Closely tied to the Soviet Union and the
Third International (see
Glossary), the PCCh participated in the Popular Front
(Frente
Popular) government of 1938, growing rapidly among the
unionized
working class in the 1940s. Concern over the PCCh's
success at
building a strong electoral base, combined with the onset
of the
Cold War, led to its being outlawed in 1948, a status it
had to
endure for almost a decade. By midcentury the party had
become a
veritable political subculture, with its own symbols and
organizations and the support of prominent artists and
intellectuals such as Pablo Neruda, the Nobel
Prize-winning poet,
and Violetta Parra, the songwriter and folk artist.

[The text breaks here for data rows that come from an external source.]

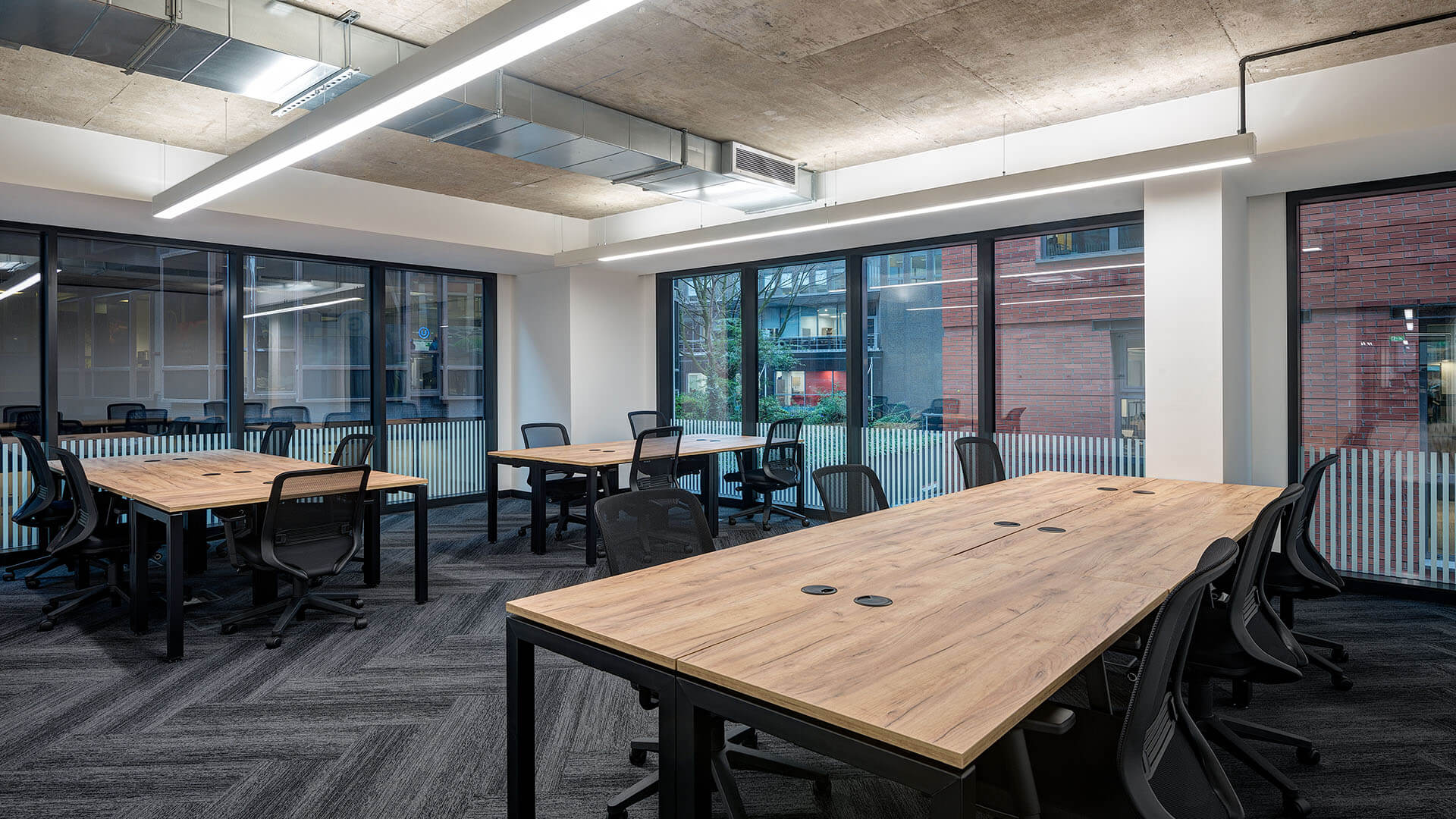 Spacious ground-floor 18-desk office with floor-to-ceiling windows that flood the space with natural light. Conveniently located near phone booths, breakout areas, and printing facilities — everything your team needs, just steps away.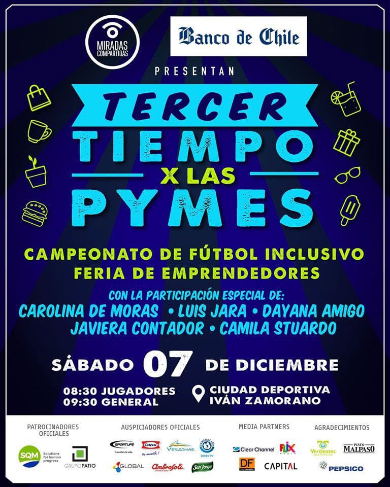 Miradas Compratidas organiza la III versión de la Copa Interempresas, evento que reúne a 24 marcas que juegan junto a sus de alumnos de las Escuelas de Fútbol de de Santiago, Viña del Mar, Valparaíso, La Calera, Tocopilla y Antofagasta. Este año y a raíz de la contingencia a nivel nacional, se sumó ASECH (Asociación de Emprendedores de Chile) con quienes se realizó una feria de emprendedores con el fin de apoyar a las pymes, la que corresponde a la Feria Tercer Tiempo por las Pymes.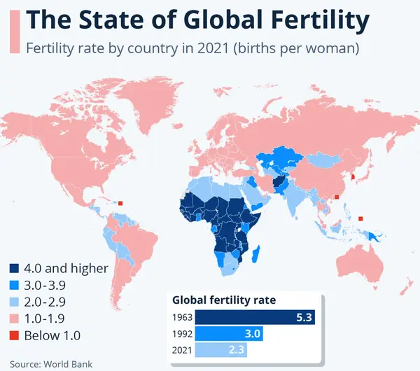 La fertilità è ormai al di sotto della soglia di sostituzione in quasi tutta l’America Latina e l’Asia orientale. E metà del Medio Oriente, compresi Turchia e Iran, non ha abbastanza figli per sostenere la propria popolazione.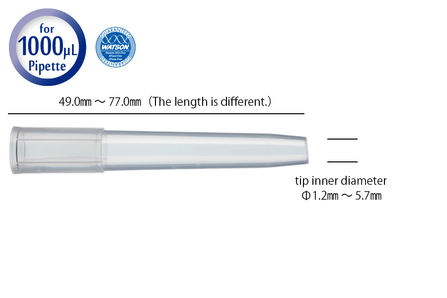 Pipette Tips Large-bore Tips Due to its wide tip opening, it is suitable for pipetting tasks involving cells and other samples, Tips, Plates: made of Polypropylene Filter: made of Polyethylene Cat. No.ItemUnitCase113-744CLarge-bore Pipette Tips for 200 µL, Bulk1000 tips10 bags120P-744CSLarge-bore Pipette Tips for 200 µL, System Rack (PP)96 tips X 10 racks5 units124P-744CSLarge-bore Filter Tips for 200 µL, System Rack (PP)96 tips X 10 racks5 units1298-703RAEmpty Rack for #703 / #50310 racks5 units Tips, Plates: made of Polypropylene Filter: made of Polyethylene Cat. No.ItemUnitCase113-844CLarge-bore Pipette Tips for 1000 µL, Bulk1000 tips10 bags120P-844CSLarge-bore Pipette Tips for 1000 µL, System Rack (PP)96 tips X 10 racks5 units124P-844CSLarge-bore Filter Tips for 1000 µL, System Rack (PP)96 tips X 10 racks5 units1298-802RAEmpty Rack for #502/ #706/ #80410 racks5 units Edgeless Large-bore Tips The tip comes with various inside diameters.Select one that fits the size of the sample. Note: Since the diameter and length of the tip vary from tip to tip in a bulk supply, the actual volume may not be exactly as stable as 1000uL.Therefore, please DO NOT set the aspiration volume of the pipette as 1000uL but set it much smaller than 1000uL to avoid any accidental over-suction of the sample resulting in contamination inside the pipette. Tips: made of Polypropylene Cat. No.ItemUnitCase113-842CEdgeless Large-bore Pipette Tips for 1000 µL, Bulk1000 tips-1298-802RAEmpty Rack for #502/ #706/ #80410 racks5 units Product Inquiry ※We also accept inquiries for mass production development of custom shapes, such as OEM and ODM, for plastic products. Contact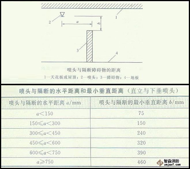 · 當噴頭安裝在不到頂的隔斷附近時,噴頭與隔斷的水平距離和最小垂直距離應符合下表的規定: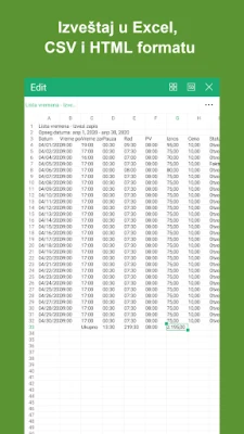 Pored toga, aplikacija nudi sveobuhvatne finansijske funkcije. Definirajte period plaćanja – mesečno, polumesečno, dvonedeljno ili nedeljno – i neka **Praćenje radnog vremena** samostalno uključi poreze, odbitke, troškove i kilometražu u vaše obračune. Organizujte sve svoje radne sate pomoću prilagodljivih oznaka i steknite dragocen uvid u svoje angažovanje kroz jasne grafičke prikaze. Za profesionalnu komunikaciju, jednostavno delite liste vremena u Excel, CSV i HTML formatu ili generišite elegantne PDF fakture direktno za svoje klijente.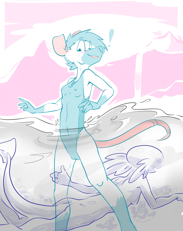 The waves swirl around the mouse as she stands still and pivots at the waist to watch for movement. She gasps as something passes between her legs, bumping up against both thighs playfully.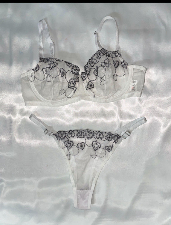 ست شورت و سوتین زنانه تمام تور برند ترک رنگ سفید با گلدوزی مشکی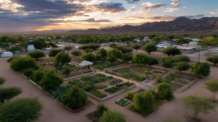 This aerial photograph captures a beautiful community garden located in a desert environment. Surrounded by mountains, the scene showcases vibrant greenery under a picturesque sunset sky, reflecting harmony with nature.
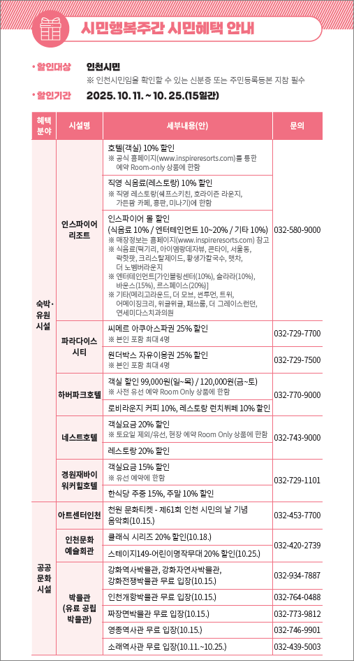 또한, 시민임을 확인할 수 있는 신분증 또는 주민등록등본을 지참하면 행사에 참여한 관내 숙박·유원시설·공공문화시설 등에서 특별 할인 혜택도 받을 수 있다. 자세한 사항은 인천시 누리집에서 확인 가능하다.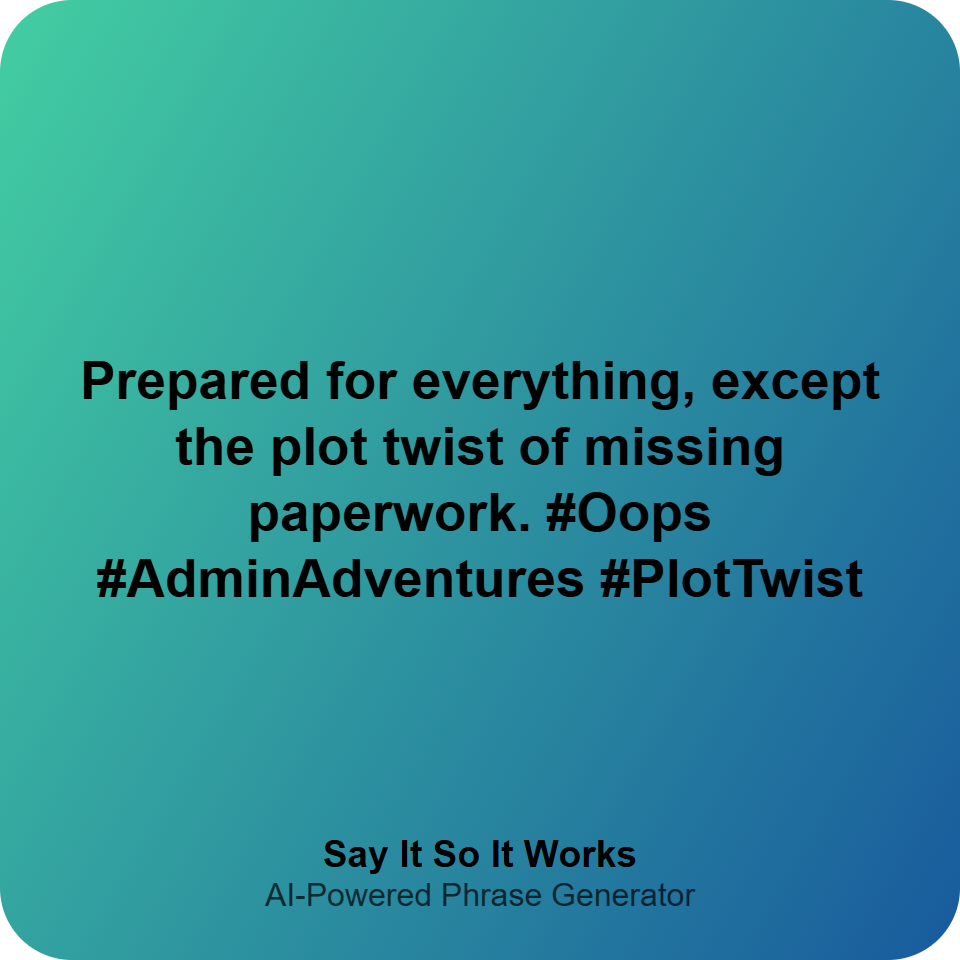 Prepared for everything, except the plot twist of missing paperwork. #Oops #AdminAdventures #PlotTwist
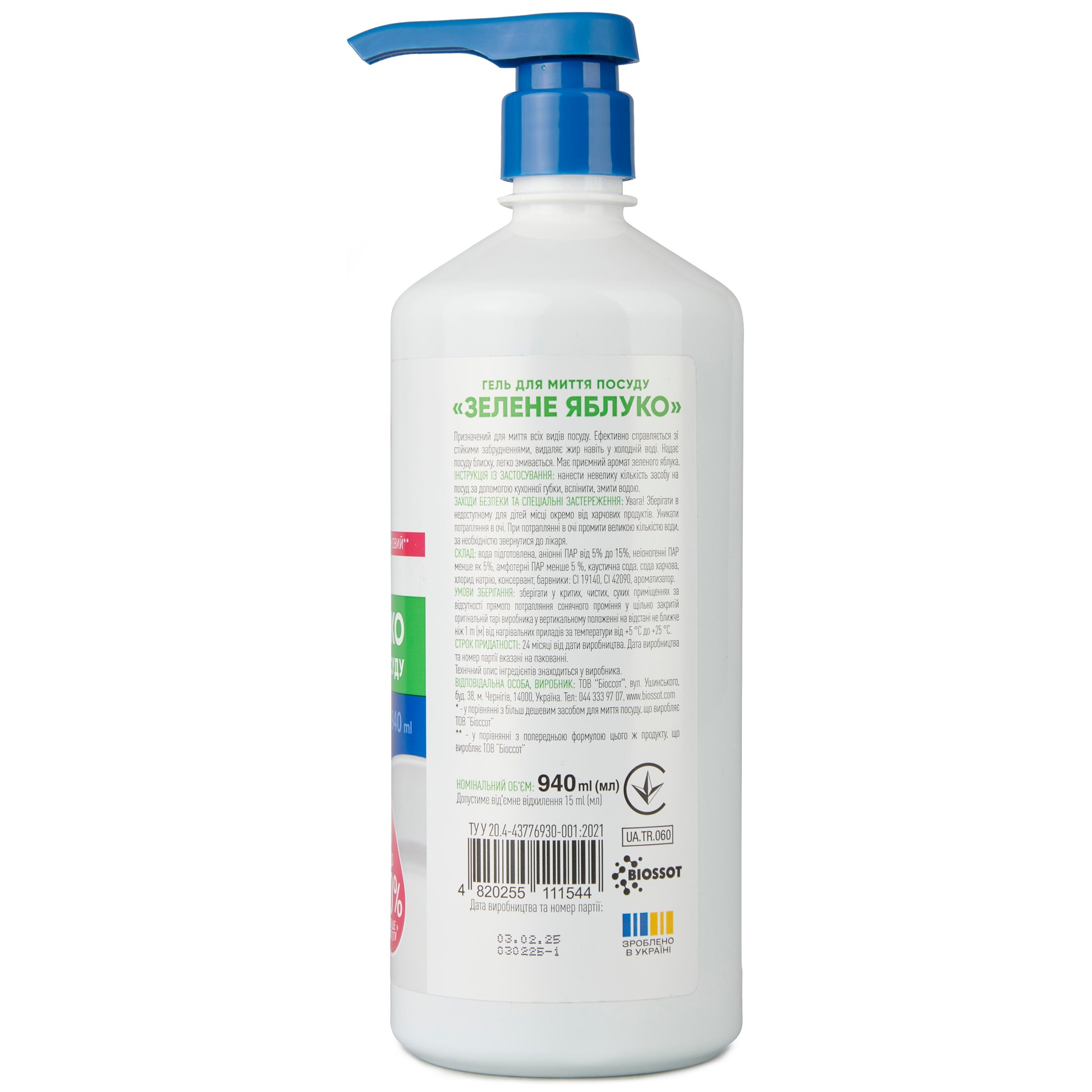 Склад продукту: Гель для миття посуду "Зелене яблуко" 940 мл.Формула розроблена на основі якісних і безпечних компонентів, що забезпечують ефективне очищення без шкоди для поверхонь і шкіри рук.

As a component of the Popular Unity coalition that
elected
Salvador Allende to the presidency in 1970, the PCCh
played a
strong moderating role, rejecting the more extreme tactics
of the
student and revolutionary left and urging a more
deliberate pace
that would set the groundwork for a communist society in
the
future. The military government dealt the PCCh a severe
blow,
decimating its leadership in 1976. Although the party
called for a
broad alliance of all forces opposed to the dictatorship,
by 1980
it moved to a parallel strategy of armed insurrection,
preparing
cadres of guerrillas to destabilize the regime and provide
the
party with the military capability to take over the state
should
the Pinochet government crumble.
After the attempt on Pinochet's life in 1986, the
democratic
parties began to distance themselves from the PCCh because
the PCCh
was openly opposed to challenging the regime under the
regime's own
rules. The PCCh's strong stand against registration of
voters and
participation in the plebiscite alienated many of its own
supporters and long-time militants, who understood that
most of the
citizenry supported a peaceful return to democracy.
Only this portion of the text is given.